I gave two Play:5 (gen1’s) to my son and his family a few years ago now and they mostly use Spotify too and last time I spoke to him, his speakers were playing okay, both from the S1 and Spotify Apps. I know the speakers were first released by Sonos in 2009 and think those particular two were manufactured around 2013/14 (approx.) and I gave them to him in 2019. He has them in his Kitchen/Diner and so they’re still going strong, but guess product lifespan will always vary.
He also has a new Sonos ‘Five’ and 4 old Play:1’s running on S2 aswell and those Play:1’s are from the 2014-16 period and those are still playing okay too,
I did have another Play:5 (gen1) fail on me in 2016, or thereabouts, and that was a ‘bad firmware/dry joint issue’ (it would not factory reset and it kept rebooting when it had been playing for some hours and had got warm) it was then just outside it’s two year guarantee period and so I paid Sonos £100 (or thereabouts) to exchange it for a refurbished Play:5. I gave that speaker to my son-in-laws Dad (I purchased a Five as a replacement, as I had begun to switchover my setup to S2) and that old Play:5 is still working too as far as I’m aware (the Dad uses Amazon Prime as his MSP though, I believe).
Playing Sonos Radio seems to be fine, no dropouts whatsoever, so the Spotify streaming is seemingly broken on the Play:5s?
Am I really the only one seeing this problem?
No I’m seeing exactly the same issue. Just as you describe, radio is fine, it’s just spotify. This makes it very hard for me to accept it’s a wifi issue, it’s definitely like the speaker is buffering under the load of large streaming data - the pause is consistent every time at around 8 seconds.

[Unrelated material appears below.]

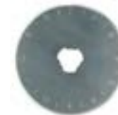
Набор сменных лезвий круглых LOM

Only affects one speaker, the other one continues to play. If it’s wifi interference I would expect both to drop and also for the interruptions to be of random length.
Also, my workaround is to use a Play 1 as a slave player, directing Spotify to it first and then adding my Play 5’s in a group.
To be honest I’m happy with this if it continues to work. Wasn’t that appetising to think about replacing 2 x Play 5’s…..
I have the same problem. Sporadic dropouts and only on the play 5. Started maybe a year ago.